▶ _What you have to do_:
Begin with the first line of the entries below and reproduce each line exactly, ending with the line that holds "Jura S8 Chrome Fully".

+ + +

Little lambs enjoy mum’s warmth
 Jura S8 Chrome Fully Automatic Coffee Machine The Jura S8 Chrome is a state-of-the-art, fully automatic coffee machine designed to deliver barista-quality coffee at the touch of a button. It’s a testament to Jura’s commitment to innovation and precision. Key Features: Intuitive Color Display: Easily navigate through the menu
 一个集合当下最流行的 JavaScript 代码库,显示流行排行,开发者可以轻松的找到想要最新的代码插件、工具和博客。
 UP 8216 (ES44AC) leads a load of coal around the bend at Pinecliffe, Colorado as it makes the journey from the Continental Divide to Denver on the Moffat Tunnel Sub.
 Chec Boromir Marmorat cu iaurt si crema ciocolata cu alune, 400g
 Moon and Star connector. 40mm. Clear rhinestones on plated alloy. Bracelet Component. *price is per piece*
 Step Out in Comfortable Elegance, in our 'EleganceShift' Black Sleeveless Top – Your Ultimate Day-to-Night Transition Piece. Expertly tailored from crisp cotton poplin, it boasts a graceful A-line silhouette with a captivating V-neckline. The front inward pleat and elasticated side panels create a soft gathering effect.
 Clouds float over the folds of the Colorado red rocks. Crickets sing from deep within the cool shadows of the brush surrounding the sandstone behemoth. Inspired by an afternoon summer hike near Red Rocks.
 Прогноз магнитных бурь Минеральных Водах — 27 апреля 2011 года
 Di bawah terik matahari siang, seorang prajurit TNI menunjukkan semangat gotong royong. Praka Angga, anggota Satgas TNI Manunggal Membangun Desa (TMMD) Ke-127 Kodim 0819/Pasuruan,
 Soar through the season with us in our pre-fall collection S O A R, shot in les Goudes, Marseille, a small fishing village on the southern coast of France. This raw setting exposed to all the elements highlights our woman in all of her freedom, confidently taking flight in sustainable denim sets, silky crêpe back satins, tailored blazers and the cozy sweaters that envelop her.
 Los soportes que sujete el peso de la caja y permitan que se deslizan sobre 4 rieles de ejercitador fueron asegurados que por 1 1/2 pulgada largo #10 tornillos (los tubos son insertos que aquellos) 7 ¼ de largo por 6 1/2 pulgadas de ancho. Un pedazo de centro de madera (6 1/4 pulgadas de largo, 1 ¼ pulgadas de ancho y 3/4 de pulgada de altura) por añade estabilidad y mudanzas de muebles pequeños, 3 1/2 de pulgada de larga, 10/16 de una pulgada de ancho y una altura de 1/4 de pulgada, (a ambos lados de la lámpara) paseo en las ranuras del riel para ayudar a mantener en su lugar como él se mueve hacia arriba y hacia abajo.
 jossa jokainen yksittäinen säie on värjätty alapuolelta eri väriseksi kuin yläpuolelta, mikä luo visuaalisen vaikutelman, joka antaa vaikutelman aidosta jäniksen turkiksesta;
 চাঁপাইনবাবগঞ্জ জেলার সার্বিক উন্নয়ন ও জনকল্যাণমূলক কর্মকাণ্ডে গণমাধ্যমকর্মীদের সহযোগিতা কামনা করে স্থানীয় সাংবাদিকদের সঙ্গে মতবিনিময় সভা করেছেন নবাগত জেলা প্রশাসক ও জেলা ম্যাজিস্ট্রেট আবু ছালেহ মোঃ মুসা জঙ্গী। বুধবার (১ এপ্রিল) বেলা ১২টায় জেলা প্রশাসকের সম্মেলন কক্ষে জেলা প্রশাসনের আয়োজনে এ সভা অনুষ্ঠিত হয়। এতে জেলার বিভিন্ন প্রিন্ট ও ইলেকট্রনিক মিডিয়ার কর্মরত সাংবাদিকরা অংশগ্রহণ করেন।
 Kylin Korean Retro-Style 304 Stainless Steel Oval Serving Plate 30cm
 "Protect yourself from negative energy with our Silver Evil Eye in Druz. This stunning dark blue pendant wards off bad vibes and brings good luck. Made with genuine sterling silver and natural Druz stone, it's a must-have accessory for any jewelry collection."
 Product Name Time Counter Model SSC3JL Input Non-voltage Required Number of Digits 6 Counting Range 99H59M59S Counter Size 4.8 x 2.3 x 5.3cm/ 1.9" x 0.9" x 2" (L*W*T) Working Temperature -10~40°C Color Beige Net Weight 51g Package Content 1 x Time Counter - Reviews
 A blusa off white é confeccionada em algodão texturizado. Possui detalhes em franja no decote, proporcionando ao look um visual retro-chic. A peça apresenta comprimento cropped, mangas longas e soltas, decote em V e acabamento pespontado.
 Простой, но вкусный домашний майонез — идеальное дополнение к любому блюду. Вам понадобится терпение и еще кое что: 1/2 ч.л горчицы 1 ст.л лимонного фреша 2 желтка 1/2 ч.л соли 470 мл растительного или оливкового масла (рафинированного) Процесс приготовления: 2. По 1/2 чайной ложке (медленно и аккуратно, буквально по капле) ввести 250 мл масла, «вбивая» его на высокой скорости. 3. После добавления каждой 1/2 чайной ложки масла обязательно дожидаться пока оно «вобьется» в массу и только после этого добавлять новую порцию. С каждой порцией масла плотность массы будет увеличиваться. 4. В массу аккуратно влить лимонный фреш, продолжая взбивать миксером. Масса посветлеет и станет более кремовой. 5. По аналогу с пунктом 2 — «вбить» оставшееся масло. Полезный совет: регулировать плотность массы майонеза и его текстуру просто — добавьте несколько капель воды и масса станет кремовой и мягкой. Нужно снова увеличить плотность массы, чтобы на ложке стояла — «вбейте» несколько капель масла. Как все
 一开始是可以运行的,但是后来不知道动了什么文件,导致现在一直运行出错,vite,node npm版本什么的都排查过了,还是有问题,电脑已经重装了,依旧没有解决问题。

+ + +

▶ _Answer area_:
Little lambs enjoy mum’s warmth
 Jura S8 Chrome Fully Automatic Coffee Machine The Jura S8 Chrome is a state-of-the-art, fully automatic coffee machine designed to deliver barista-quality coffee at the touch of a button. It’s a testament to Jura’s commitment to innovation and precision. Key Features: Intuitive Color Display: Easily navigate through the menu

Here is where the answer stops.